**WHAT IS BEING ASKED**
Could you copy exactly the lines below, beginning at the line with "I'm surprised they" and stopping after the line with "Tucked behind gates", with no pictures?
** SUPPLIED RECORDS follows **
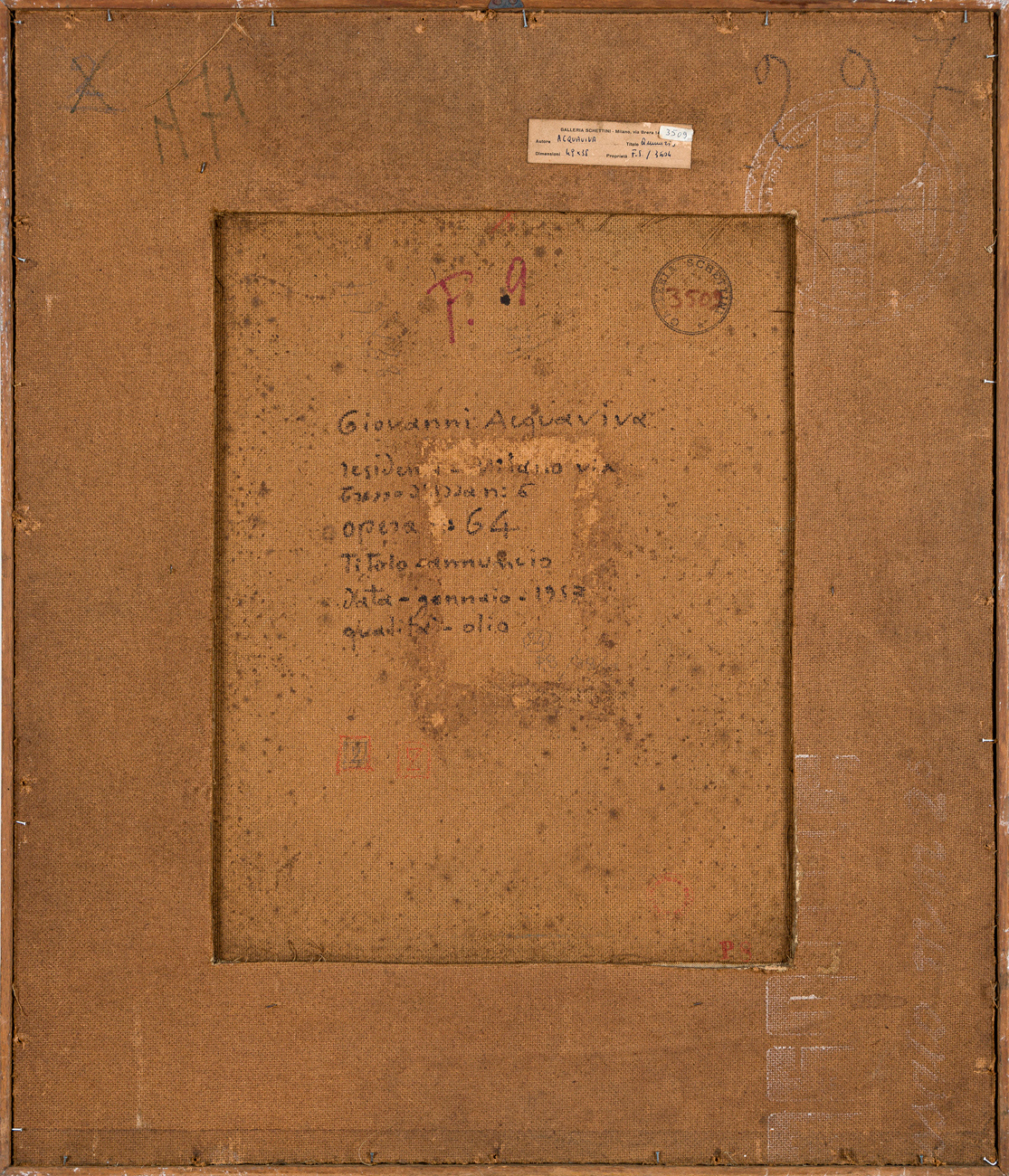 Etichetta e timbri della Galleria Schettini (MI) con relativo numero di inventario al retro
** End of SUPPLIED RECORDS **
** SUPPLIED RECORDS follows **
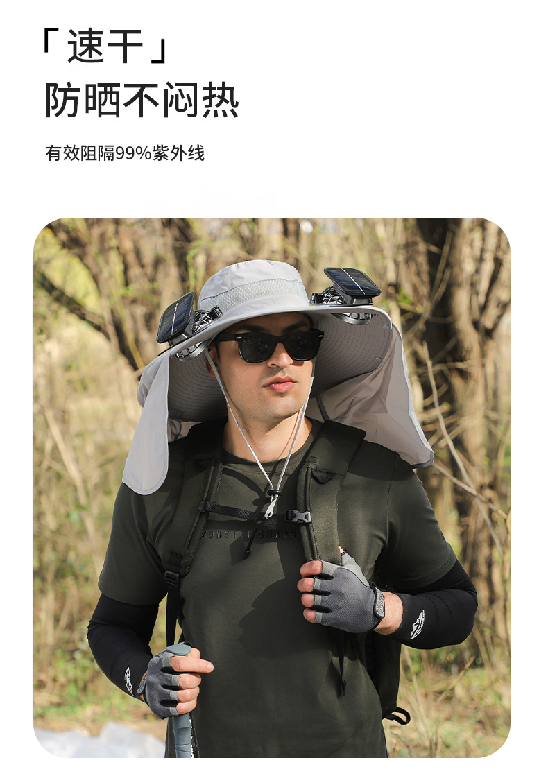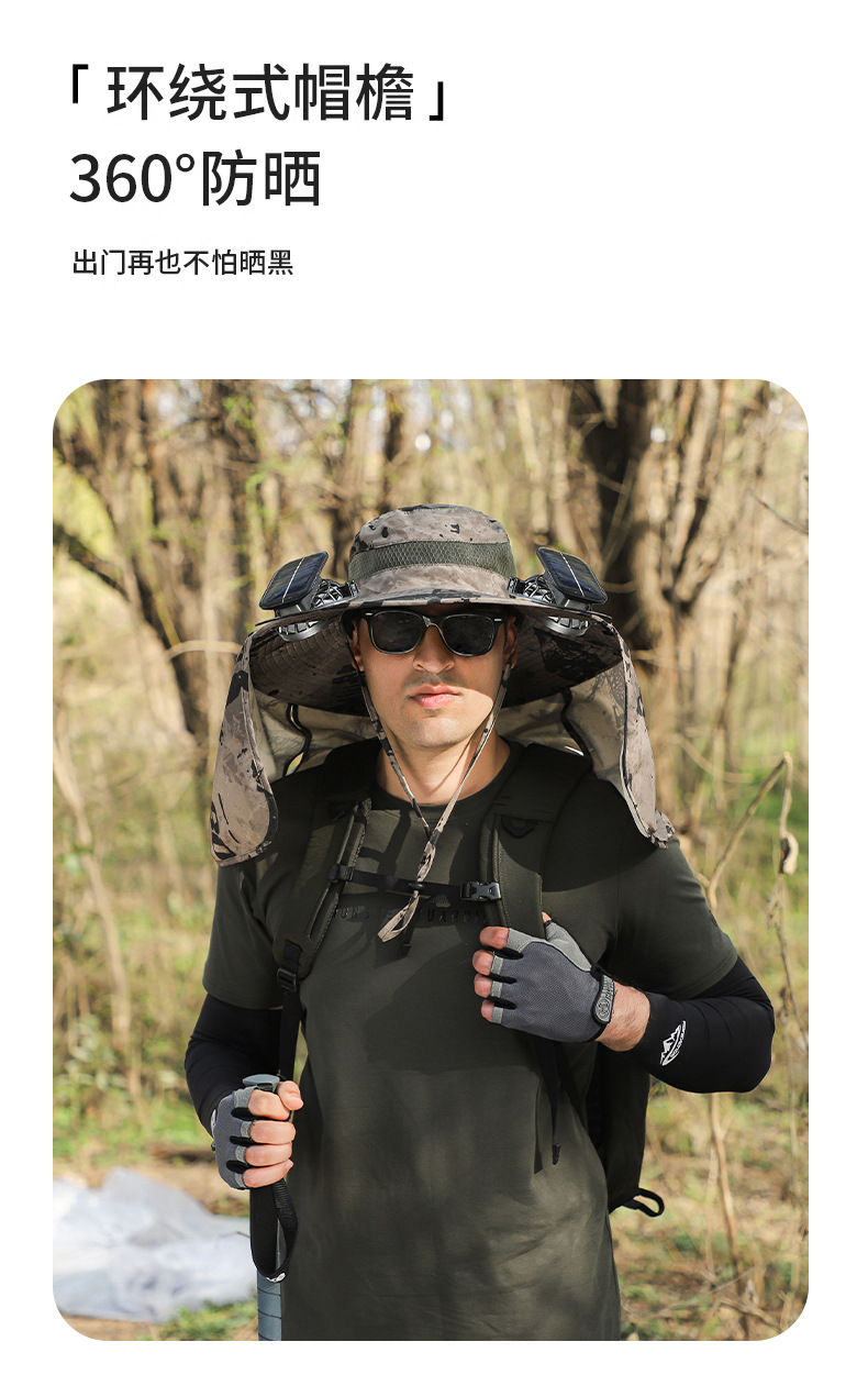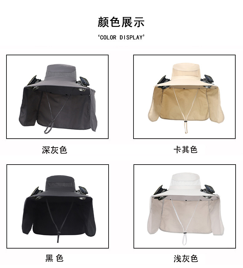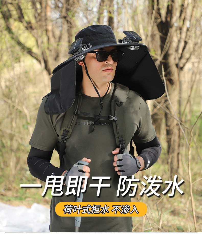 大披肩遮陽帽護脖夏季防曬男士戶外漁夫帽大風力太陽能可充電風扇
** End of SUPPLIED RECORDS **
** SUPPLIED RECORDS follows **
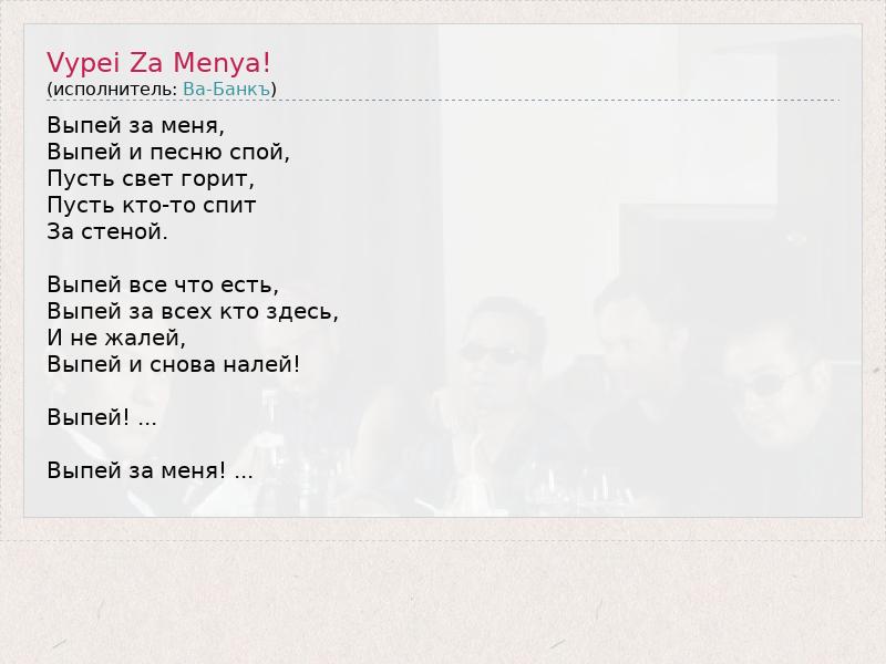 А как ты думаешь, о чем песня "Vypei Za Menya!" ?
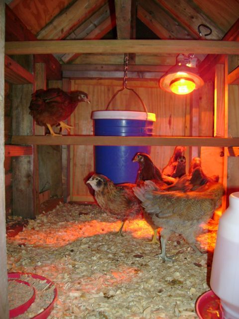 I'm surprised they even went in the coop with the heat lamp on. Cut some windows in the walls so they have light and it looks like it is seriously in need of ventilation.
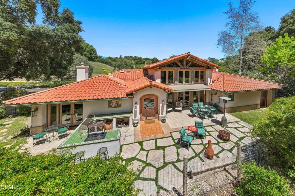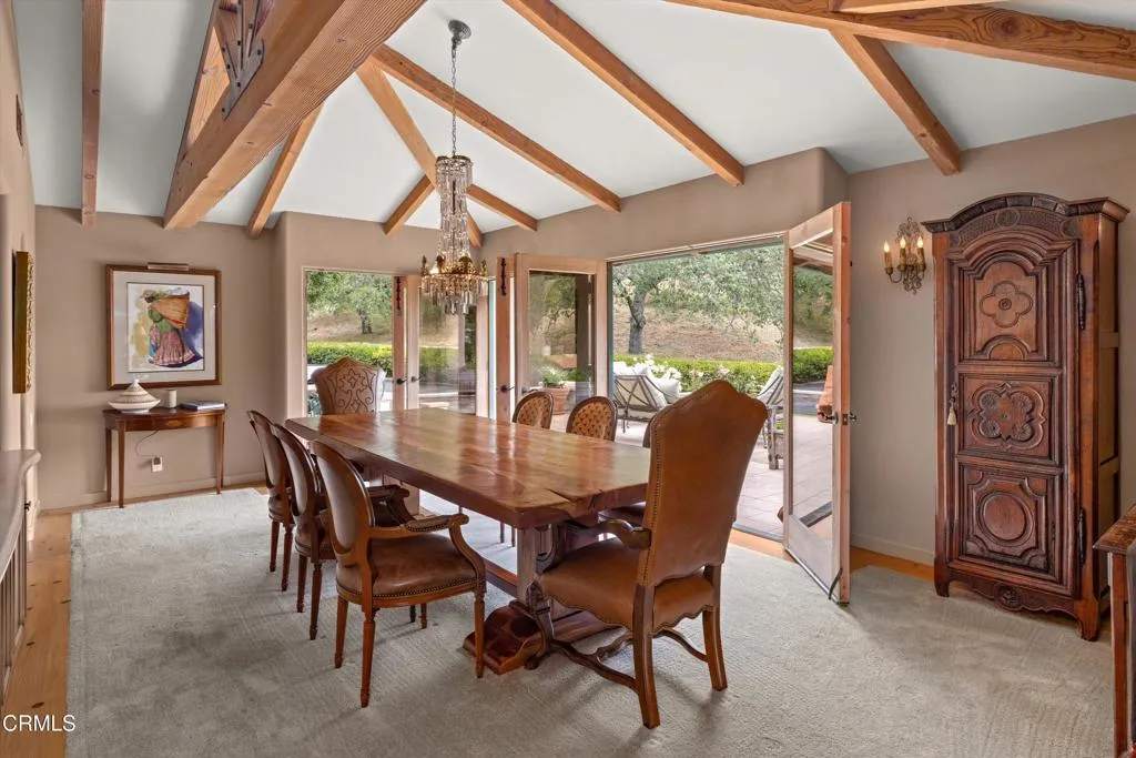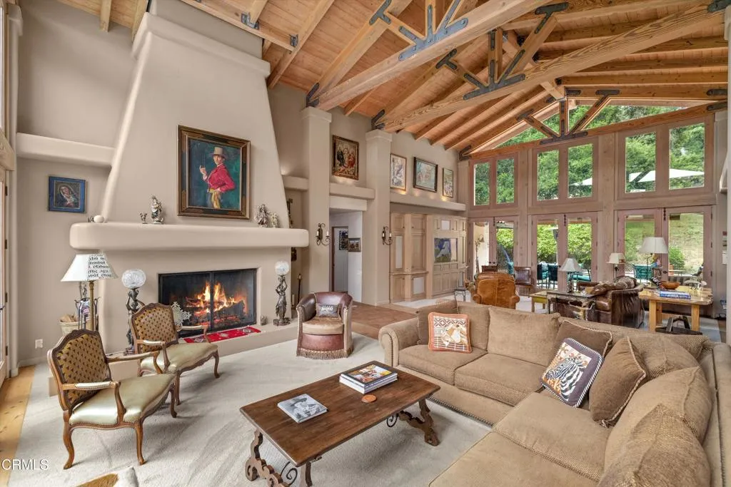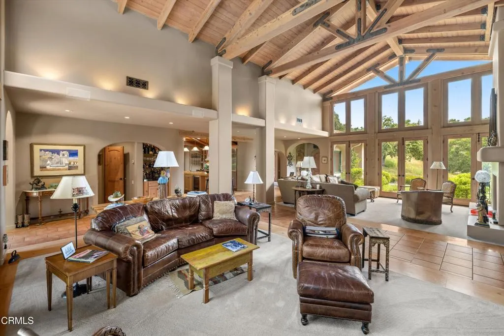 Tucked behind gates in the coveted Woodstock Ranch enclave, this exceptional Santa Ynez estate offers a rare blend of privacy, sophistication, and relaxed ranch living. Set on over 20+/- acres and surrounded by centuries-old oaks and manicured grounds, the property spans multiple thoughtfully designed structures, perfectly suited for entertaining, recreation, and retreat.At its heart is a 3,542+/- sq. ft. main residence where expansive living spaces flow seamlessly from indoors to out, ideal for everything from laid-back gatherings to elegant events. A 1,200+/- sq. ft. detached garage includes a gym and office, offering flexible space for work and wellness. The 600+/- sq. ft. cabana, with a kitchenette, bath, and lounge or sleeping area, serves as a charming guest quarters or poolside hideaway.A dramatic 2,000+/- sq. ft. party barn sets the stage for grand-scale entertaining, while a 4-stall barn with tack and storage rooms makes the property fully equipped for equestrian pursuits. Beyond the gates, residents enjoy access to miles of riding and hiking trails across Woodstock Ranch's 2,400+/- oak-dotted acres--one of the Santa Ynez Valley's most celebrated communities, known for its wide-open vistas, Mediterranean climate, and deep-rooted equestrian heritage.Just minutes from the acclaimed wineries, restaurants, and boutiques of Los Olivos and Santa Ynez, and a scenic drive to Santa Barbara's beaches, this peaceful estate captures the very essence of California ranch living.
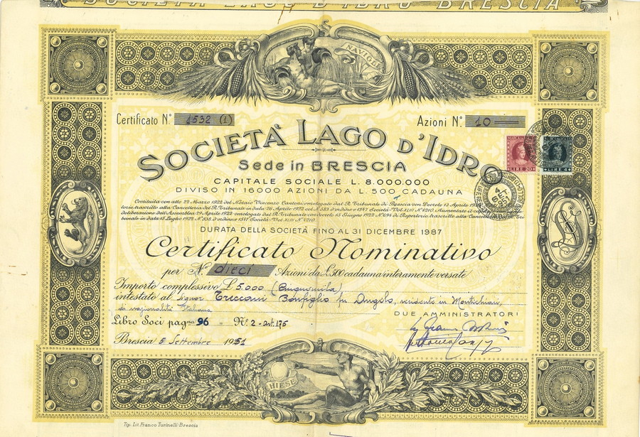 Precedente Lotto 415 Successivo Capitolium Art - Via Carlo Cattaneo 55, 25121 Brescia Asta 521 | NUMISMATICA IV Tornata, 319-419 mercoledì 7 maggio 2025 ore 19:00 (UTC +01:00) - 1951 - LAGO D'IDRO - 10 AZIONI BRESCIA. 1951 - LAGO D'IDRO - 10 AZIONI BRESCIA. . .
** End of SUPPLIED RECORDS **
**TASK RESULT**
 I'm surprised they even went in the coop with the heat lamp on. Cut some windows in the walls so they have light and it looks like it is seriously in need of ventilation.
 Tucked behind gates in the coveted Woodstock Ranch enclave, this exceptional Santa Ynez estate offers a rare blend of privacy, sophistication, and relaxed ranch living. Set on over 20+/- acres and surrounded by centuries-old oaks and manicured grounds, the property spans multiple thoughtfully designed structures, perfectly suited for entertaining, recreation, and retreat.At its heart is a 3,542+/- sq. ft. main residence where expansive living spaces flow seamlessly from indoors to out, ideal for everything from laid-back gatherings to elegant events. A 1,200+/- sq. ft. detached garage includes a gym and office, offering flexible space for work and wellness. The 600+/- sq. ft. cabana, with a kitchenette, bath, and lounge or sleeping area, serves as a charming guest quarters or poolside hideaway.A dramatic 2,000+/- sq. ft. party barn sets the stage for grand-scale entertaining, while a 4-stall barn with tack and storage rooms makes the property fully equipped for equestrian pursuits. Beyond the gates, residents enjoy access to miles of riding and hiking trails across Woodstock Ranch's 2,400+/- oak-dotted acres--one of the Santa Ynez Valley's most celebrated communities, known for its wide-open vistas, Mediterranean climate, and deep-rooted equestrian heritage.Just minutes from the acclaimed wineries, restaurants, and boutiques of Los Olivos and Santa Ynez, and a scenic drive to Santa Barbara's beaches, this peaceful estate captures the very essence of California ranch living.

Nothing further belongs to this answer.